I have a friend who was kicked square in the forehead by yearling. She's way different then she was before. I wear a helmet every time i ride. Most of the time i don't when I'm working with a horse that i know, but if they don't know me and i don't know them. Helmet goes on. I have bruised multiple vertebrae in my back from being thrown. I can imagine the kind of damage a rock my do to the back of my head.


----------



## TXROBIN (Sep 17, 2009)

*Every Time*

I wear one every time- I have a loving husband and great kids and friends and critters... and anyway, I want to do what I can to keep myself safe so that I can enjoy spending time with them. My trainer never wears one- but all it takes is one accident... The way I look at is if I ever get hurt (and I have I broke my leg bad in a 3 wheeler accident) as long as all the circuits are firing okay upstairs, I can learn to cope live just fine with any other damage to my body. That being said, it is an individual choice and I respect whatever choice a rider makes in this area.


----------



## ogledrillrider02 (Jun 19, 2009)

The only time I wear one is when it's required. It's not that I trust my horse not to never do anything stupid, but I just don't like them. I have had one major fall, I was knocked out I believe. I think my seat has improved and I am able to stick to the saddle through a lot ofo stuff. But I don't wear one because I don't like to and my parents don't make me.


----------



## Spirithorse (Jun 21, 2007)

I don't wear one unless I'm riding someone else's horse. I know the risk involved, and I know I'm not invincible, but I just don't wear one *shrugs*


----------



## kitten_Val (Apr 25, 2007)

I didn't wear the helmet for really long time. Really hated it as it felt confined and uncomfortable. I worked with horses from auction trying them out on trails before the BO sold them to the customers. In fact now looking back I think that was very stupid of me trying those unknown horses (some with really bad issues) completely unprotected (and I'm not such a good rider either). 

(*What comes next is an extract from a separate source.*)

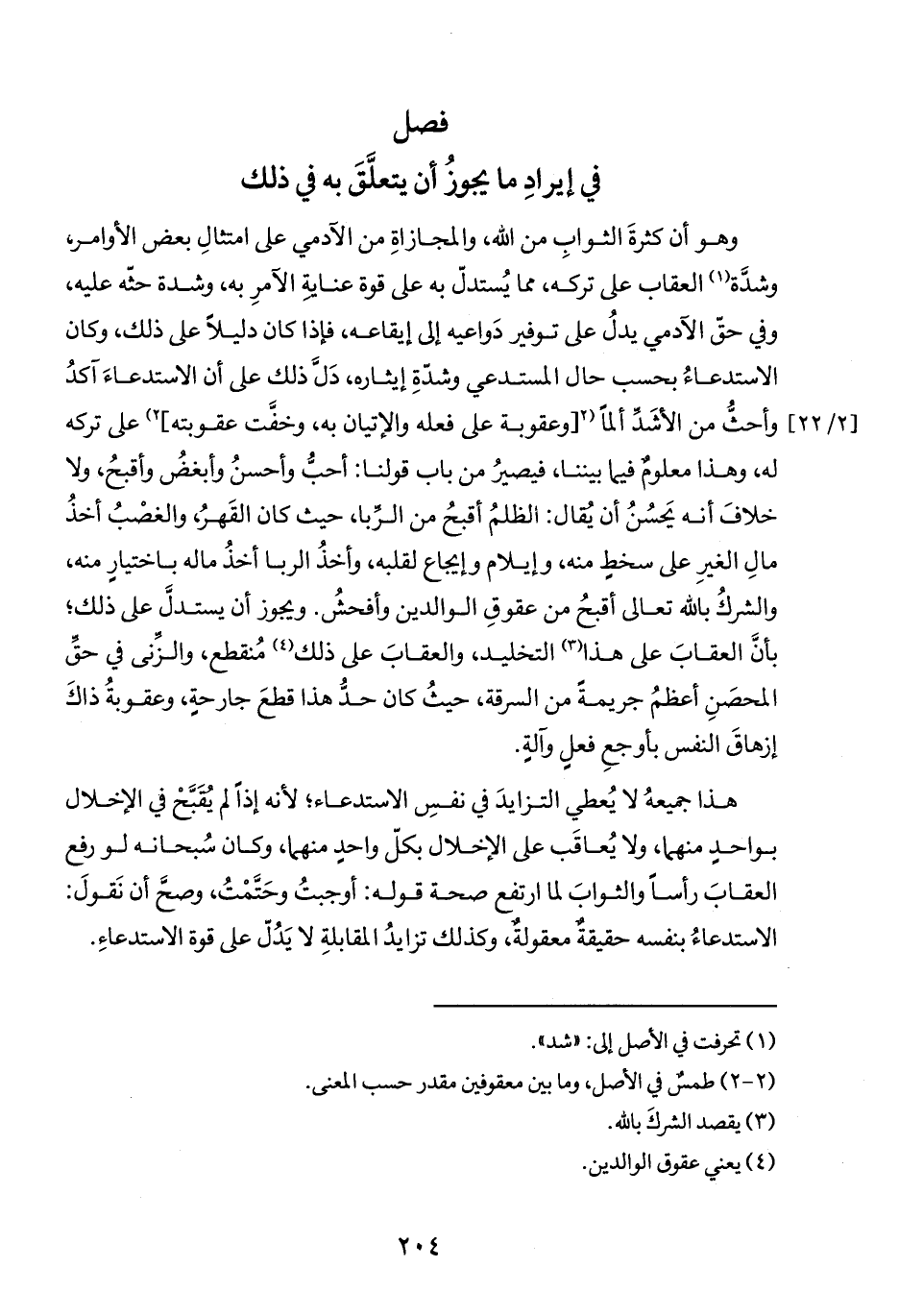 هذا جميعهُ لا يُعطي التزايدَ في نفسِ الاستدعاء؛ لأنه إذاً لم يقبَّحْ في الإخلال بواحدٍ منهما، ولا يُعاقَب على الإخلال بكلّ واحدِ منهما، وكان سُبحانه لو رفع العقابَ رأساً والثوابَ لما ارتفع صحة قوله: أوجبتُ وحَتَّمْتُ، وصحَ أن نَقولَ: الاستدعاءُ بنفسه حقيقةٌ معقولةٌ، وكذلك تزايدُ المقابلةِ لا يَدُلّ على قوة الاستدعاءِ.

Only after I got my own horses and had an accident with my tack (my saddle broke throwing me forward under my youngster's legs) I realized it's worse to get one. It's not even about how good you ride or how calm your horse is. Accidents happen, you know (including when you can just stupidly run into the tree branch on canter in park). I personally had bad accidents with tack twice: saddle as mentioned above (thank God I wasn't hurt) and this spring my rein broke when my horse spooked and went into the bronco bucking and I was trying one-rein stop (I had really bad fall in rocky park and only helmet saved my head and neck). 

Another thing I'd mention is there are really nice helmets on market. I didn't believe I could find one, but in fact I own 2, both feel very nice on my head. It all just take patience to find... Lol!


----------



## EveningShadows (May 18, 2009)

Not often but I wore one last week a couple times! First rides on 2 year olds warrant coconut protectors! :lol:


----------



## Beau Baby (Oct 28, 2008)

I only wear one when I go to the stable for my weekly riding lesson and when I ride my barely broke horse and the new one I have because he is new and still unknown{sorta}. With my older, perfectly broke{or I think so} horse I never have and probably never will. The only time I put on a helmet on when riding him is when I have a riding lesson.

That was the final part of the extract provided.